On his way to the first summit of the India-Brazil-South Africa (IBSA) group and the NAM summit, being billed as a major foreign policy event, the Prime Minister cannot quite escape the pull of domestic events. Primarily, the recent terrorist strikes in Maharashtra and the larger issue of dealing with Pakistan.
Aboard the special aircraft, Prime Minister Manmohan Singh made his first public comment on the Malegaon blasts. He called them a "shame", but acknowledged, "We have not been able to get to the bottom of it."
As for the meeting with Pakistan president Pervez Musharraf on the sidelines of the NAM summit in Havana, Singh said "hopefully" there would be one. Singh dismissed in the same vein BJP President Rajnath Singh's demand not to meet with Musharraf till the terrorist camps continued to function in Pakistan, saying "we will cross the bridge when we come to it."
Officials accompanying the Prime Minister do not want to decry the NAM publicly and annoy the Left. But privately they say the IBSA meeting in Brasilia is a foil of sorts for the larger, ceremonial event in Havana. There is genuine enthusiasm for the IBSA summit, which is seen as a contemporary version of the NAM, which has become diffuse with as many as 115 countries.
The tighter IBSA grouping of multi-lingual, and multi-ethnic democracies is sharply focused on the reform in the UN Security Council and negotiations in the WTO with developed countries. The texture of the Brasilia summit is also visible from the large delegation of the CCII, FICCI and the Assocham, who begin what is being billed as the 1st Business Summit from Tuesday.

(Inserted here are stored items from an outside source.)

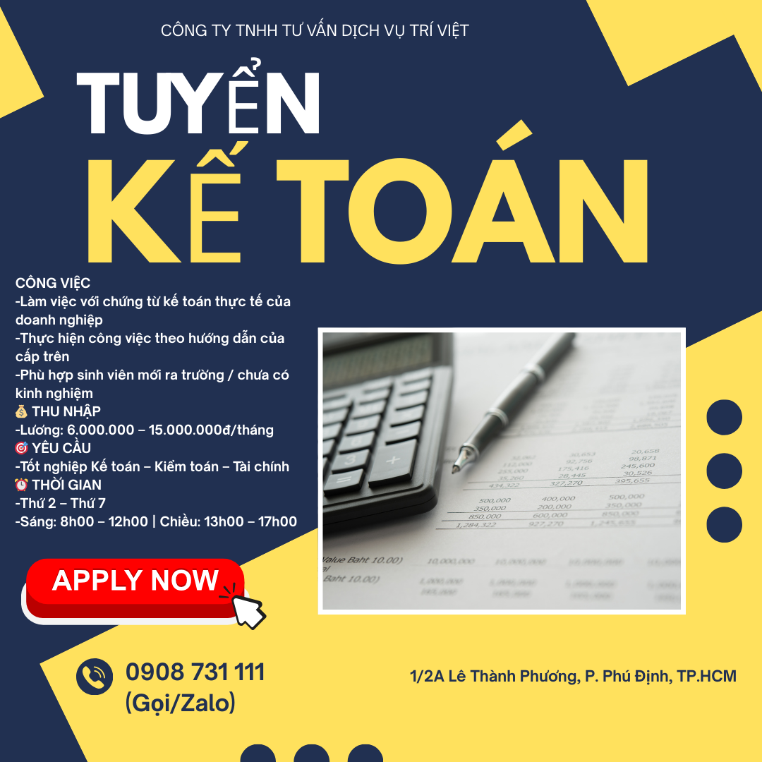 🔥 TUYỂN GẤP 10 NHÂN VIÊN KẾ TOÁN 🔥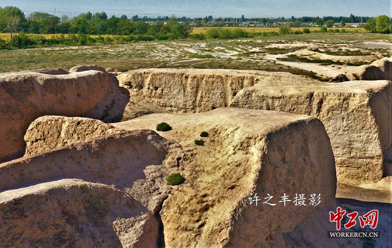 2019年9月28日,沿着明长城西行,走进河西走廊张掖骆驼城遗址。它始建于东晋陲安元年,公元397年。城址坐北向南,平面呈长方形,东西宽425米,南北长704米,面积29.92万平方米。城垣为黄土夯筑,墙基宽6米,残高7米。每一道缺口、每一处凸凹都记录着风雨的洗礼,战火的雕凿。据《重修肃州新志》记载,骆驼城不但是北凉初建时的国都,而且是汉代乐涫县、唐代建康军的故址。工人日报-中工网许之丰摄影报道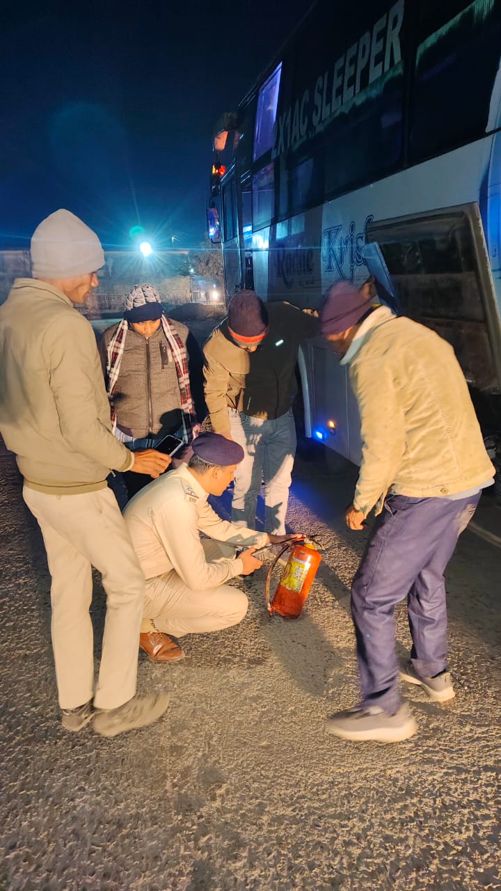 बसों में रखे गए अग्निशमन यंत्रों की वैधता की जांच की गई। आपातकालीन दरवाजों को खोलने बंद करने के बारे में चालक परिचालको को बताया जा रहा है और उनसे ही खोलना बंद करना कराया जाकर जानकारी दी जा रही है, बसों में प्राथमिक उपचार पेटी और उसमे रखे चिकित्सा सामग्री की जांच की जा रही है ।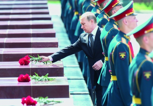 6月22日,俄罗斯莫斯科,为纪念卫国战争爆发74周年,俄总统普京向克里姆林宫旁亚历山大花园内的无名烈士墓献花,俄总理梅德韦杰夫、国防部长绍伊古等人出席了活动。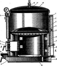 В зависимости от давления в варочном сосуде все котлы классифицируются на пищеварочные, работающие при атмосферном или незначительном избыточном давлении, и автоклавы, работающие при повышенном давлении (200…250 кПа).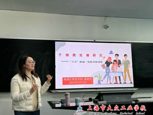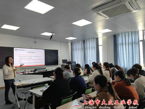 3月15日下午,杨浦区教育学院科研员奚莉芳老师在学校4号楼101智慧教室给我校青年教师进行了专题科研培训。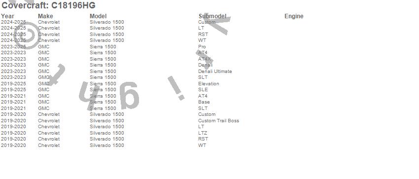 Below is an abbreviated list of applications for the Custom Fit Cab Cover.Sierra 1500, Silverado 1500, Chevrolet, GMC, 2025, 2024, 2023, 2022, 2021, 2020, 2019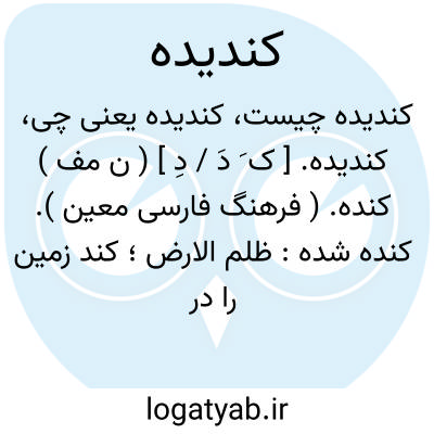 کندیده. [ ک َ دَ / دِ ] ( ن مف ) کنده. ( فرهنگ فارسی معین ). کنده شده: ظلم الارض؛ کند زمین را در غیر جای کندیده. ( منتهی الارب از یادداشت به خط مرحوم دهخدا ). || واداشته به کندن. ( فرهنگ فارسی معین ): زاب نام پادشاهی است از پادشاهان فرس که این همه انهار کندیده اوست. ( منتهی الارب از فرهنگ فارسی معین ). و رجوع به منتهی الارب ذیل «زوب » شود.، کن دیده. [ ک َ دِ ] ( اِخ ) دهی از دهستان بهمئی گرمسیر است که در بخش کهکیلویه شهرستان بهبهان واقع است و 120 تن سکنه دارد. ( از فرهنگ جغرافیایی ایران ج 6 ).

One of the important issues is the way the three countries can create a preferential trading framework without violating other commitments - Brazil to the Mercosur group, South Africa to the South Africa Customs Union and India to the SAARC. With trade flows between the three totaling just $5 billion, India is seeking enhanced access for its IT, pharmaceuticals and auto industry in the entire Mercosur area, which includes Argentina, Uruguay and Paraguay. India signed a framework agreement with the organization in 2003 and has seen considerable progress in duty reductions for its products since.
The second issue is cracking the Doha Round of the WTO. Brazil, already an agricultural super-power, and India with the potential of being one, are seeking liberalization of agricultural imports by developed countries.
The prime minister has also emphasised energy security. South Africa is famous for its technology in converting coal into petroleum and Brazil is a world leader in using alcohol for fuel. ONGC's Videsh has paid $410 million for a 15 per cent stake in an offshore block in South-East Brazil.